### SUPPLIED RECORDS
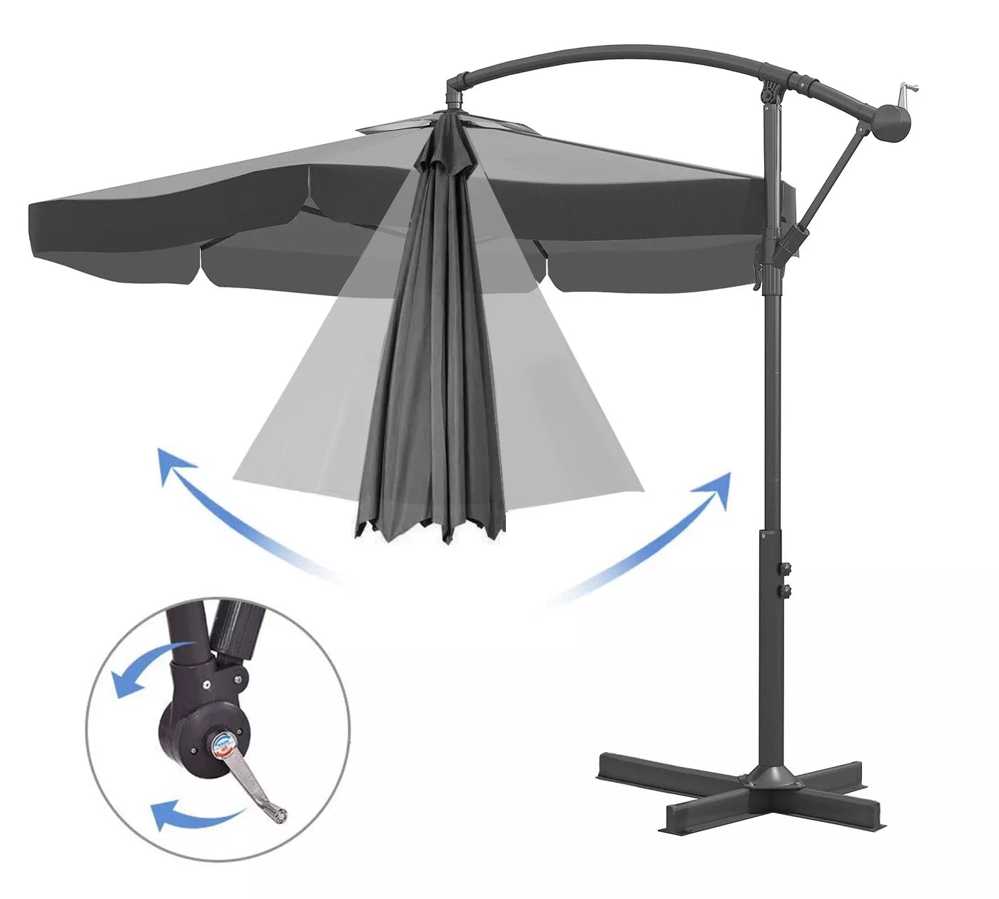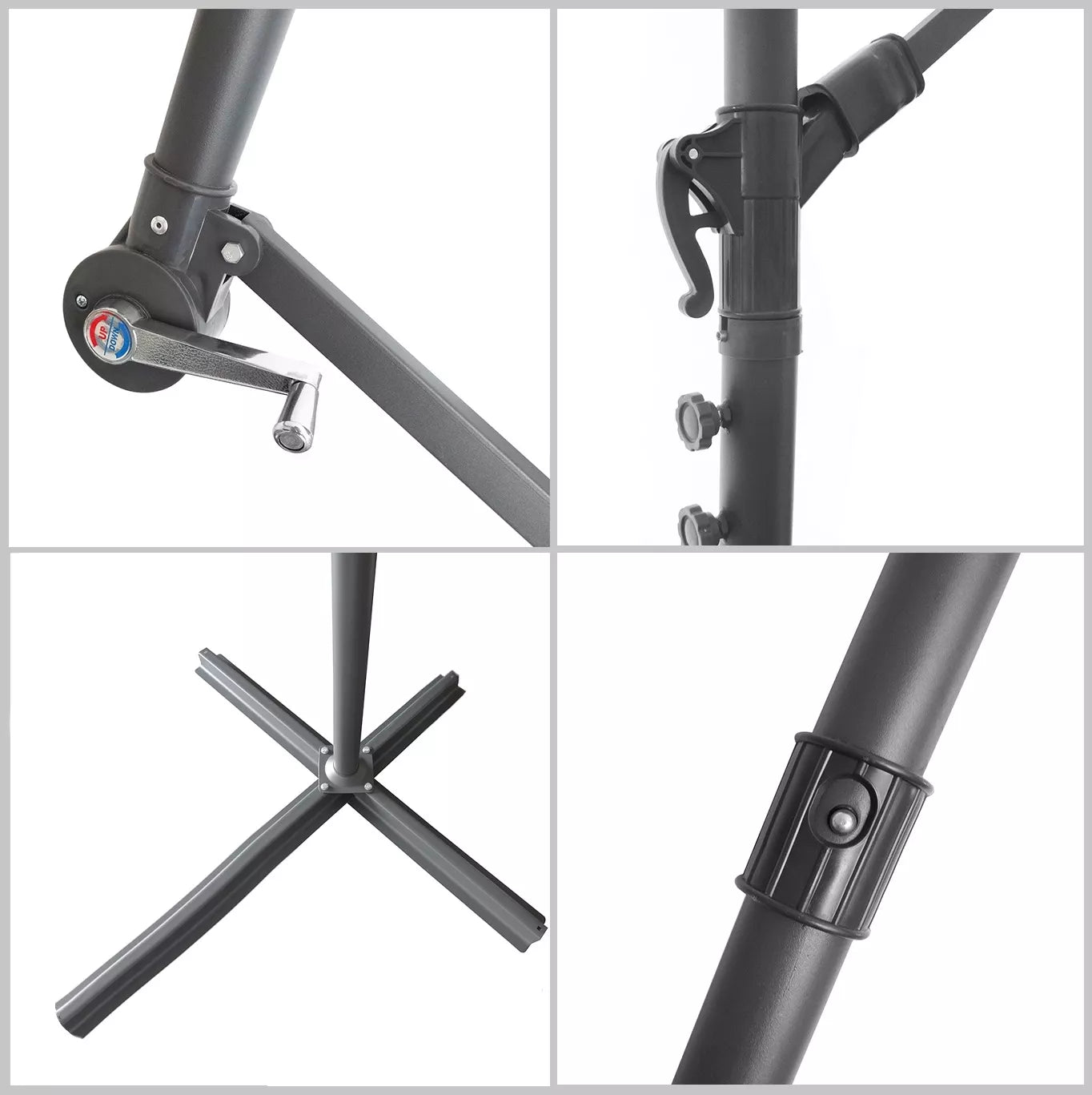 Skėtis su strėle, pagamintas iš oro sąlygoms atsparaus poliesterio. Aukščiausios kokybės medžiaga puikiai apsaugo nuo saulės spindulių. Įrengtas alkūninis mechanizmas. Greitas skėčio sulankstymas/išskleidimas. Skėtis turi būti pasvertas arba prisukamas prie žemės, priešingu atveju kyla pavojus, kad vėjas sugadins skėtį. Garantija netaikoma žalai, kurią sukėlė gūsingas vėjas.
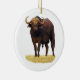 Photo of a Full size african Water buffalo standing on a patch of dried grass
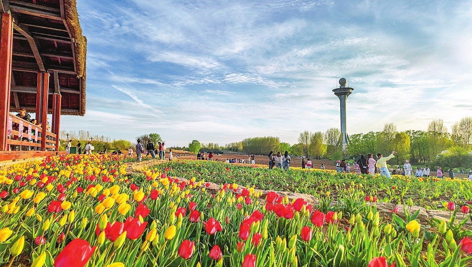4月13日,長治市漳澤湖國家城市濕地公園內(nèi)郁金香競相綻放,紅黃相間的郁金香沿坡地鋪展成絢爛花海,游客漫步花間、駐足打卡,盡享春日郊野的閑適與生機。(牛子儒 攝)
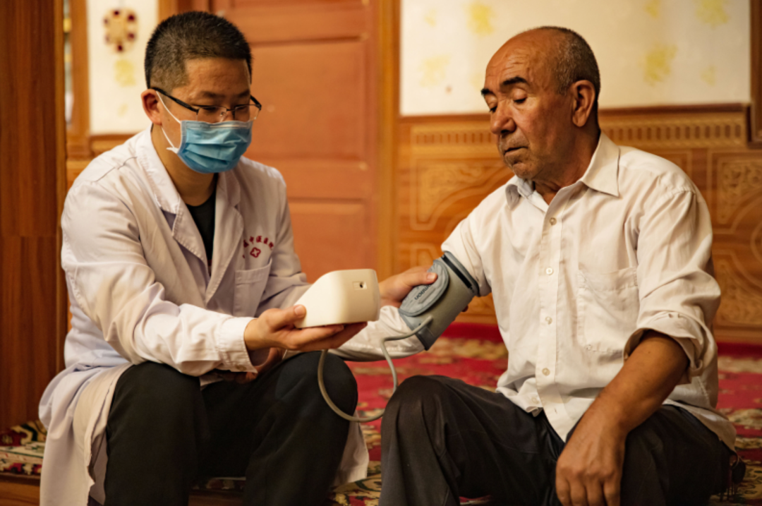 “高压125,低压85,心率89次,现在的血压控制得很好……”7月7日,beat365中文官方网站附属中医医院的医疗专家来到村民巴克尔·阿卜杜喀迪尔家中回访,为他测量了血压、血糖,详细了解他的病情情况,还免费发放了药品。
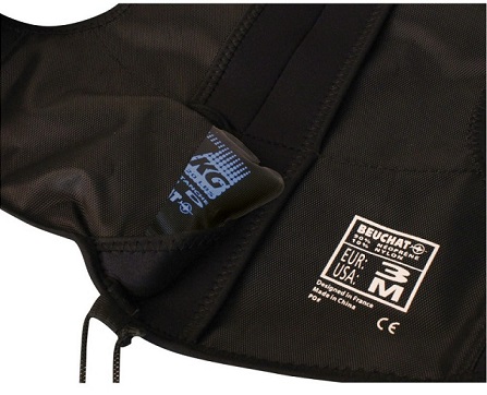 • Orange distress whistle attached to the vest
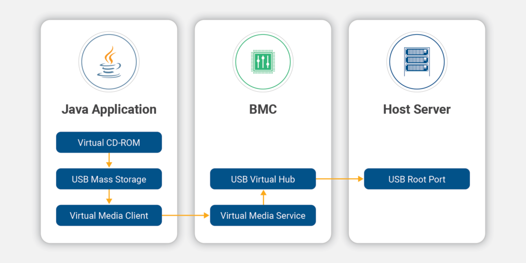 这些小的组件允许以虚拟USB drive的形式来挂载磁盘镜像。固件安全公司Eclypsium的研究人员发现一些超微平台的负责该操作的虚拟媒体服务是通过远程访问的,也是不安全的。
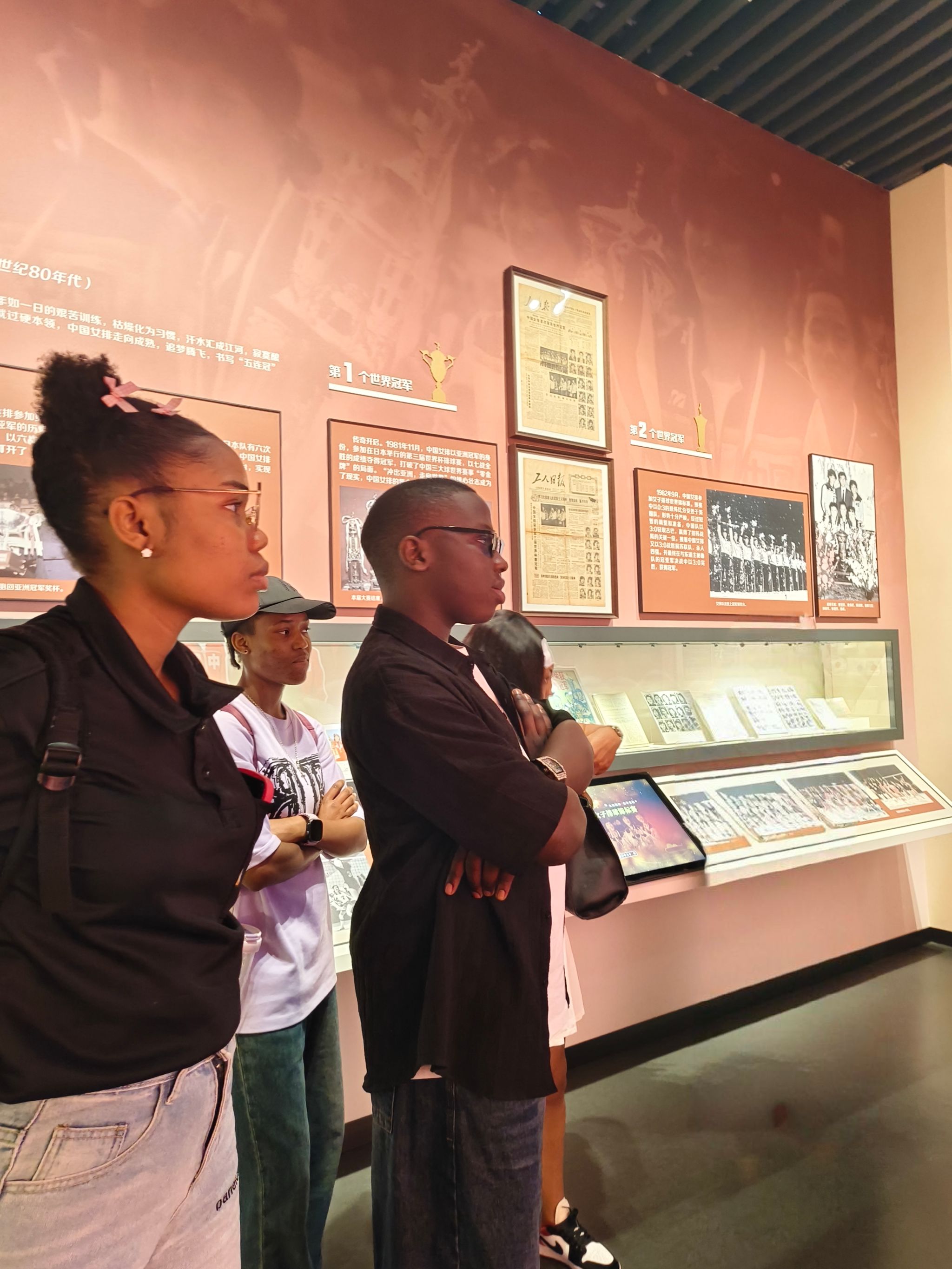 “竹棚传奇”展区里,老照片与文字诉说着女排姑娘们“竹棚起家”的艰辛;“殷殷嘱托”板块中,字里行间满是对女排的关怀与期许。展柜里,一座座闪耀的冠军奖杯静静陈列,从世界杯到奥运会,每一座奖杯背后都是汗水与坚持的故事,留学生凑近玻璃展柜,认真聆听奖杯背后的夺冠历程。

### WHAT THE TASK ASKS
From the line with "这些小的组件允许以虚拟USB" down to the last line of the entries above, set down every line exactly, apart from the pictures.

### ANSWER AREA
 这些小的组件允许以虚拟USB drive的形式来挂载磁盘镜像。固件安全公司Eclypsium的研究人员发现一些超微平台的负责该操作的虚拟媒体服务是通过远程访问的,也是不安全的。
 “竹棚传奇”展区里,老照片与文字诉说着女排姑娘们“竹棚起家”的艰辛;“殷殷嘱托”板块中,字里行间满是对女排的关怀与期许。展柜里,一座座闪耀的冠军奖杯静静陈列,从世界杯到奥运会,每一座奖杯背后都是汗水与坚持的故事,留学生凑近玻璃展柜,认真聆听奖杯背后的夺冠历程。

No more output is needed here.